All these publications are necessary, they claim at X, because the judge made every decision in secret and because the local courts ignored every attempt of appeal from both the company and third parties.

The judge's own secrecy is illegal, they claim: it violates the Brazilian Constitution. So it claims, for example, in relation to an order by Moraes in early 2023 demanding the suspension of three accounts:

"The order was issued in secret, which violates article 5, LX of the Brazilian Federal Constitution, which states that judicial decisions must be public, other than in exceptional cases when the public interest requires it. The order provides no reason to justify the secrecy and merely serves to avoid public scrutiny."

Against elected officials

Like Senator Ribeiro Do Val, the judge demanded the network to block the accounts of legislators Alan Rick and Nikolas Ferreira, which, X argues, undermines the special protection of elected officials:

"The order blocks the accounts of sitting federal legislators Alan Rick and Nikolas Ferreira.
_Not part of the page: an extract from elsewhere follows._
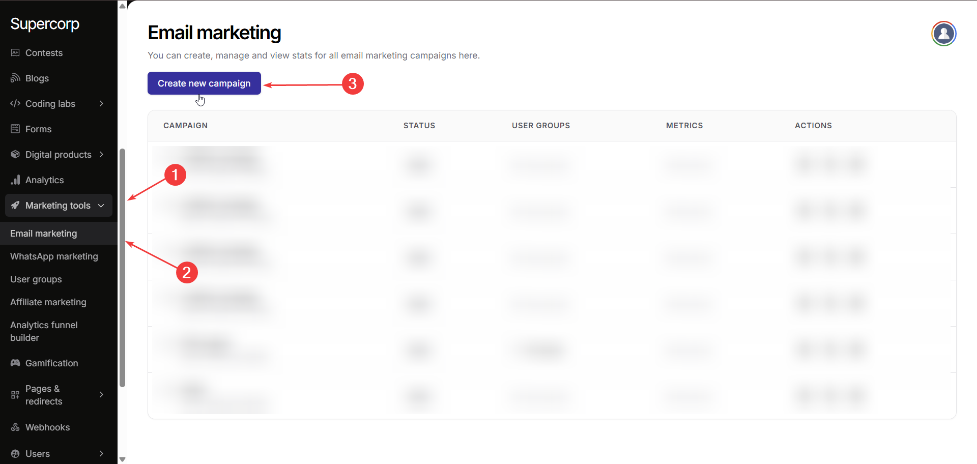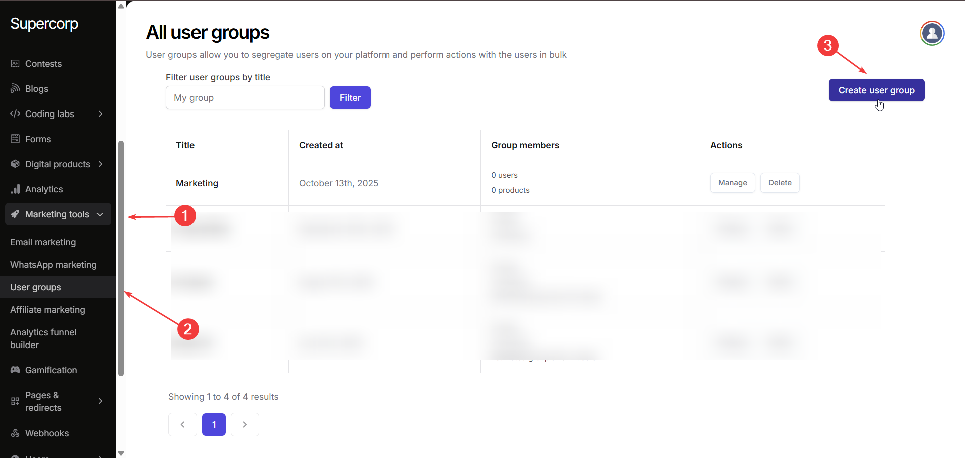 Head over to Marketing Tools in your Instructor Dashboard sidebar and click on User Groups. Here, you can either edit an existing user group or create a new one by clicking the Create user group button.

This violates Article 53 of the Federal Constitution, which explicitly states that legislators’ opinions, words, and votes are inviolable."

Conservatives caught in the crosshairs

@AlexandreFiles points out that in addition to journalists and politicians, Moraes targets ordinary citizens.

He exemplifies this with an order signed by the judge demanding the censorship of three accounts (@KatiaGraceli, @rossi_beto and @ramiromarlucia). All three with "a small number" of followers, all three manifestly conservative (one has former president Jair Bolsonaro in its profile picture, the others claim to be right-wing in their biography).

"Most likely, they were censored because Moraes opposed their political beliefs," it concludes after noting that the judicial order includes neither examples of illegalities nor written arguments justifying the blocking.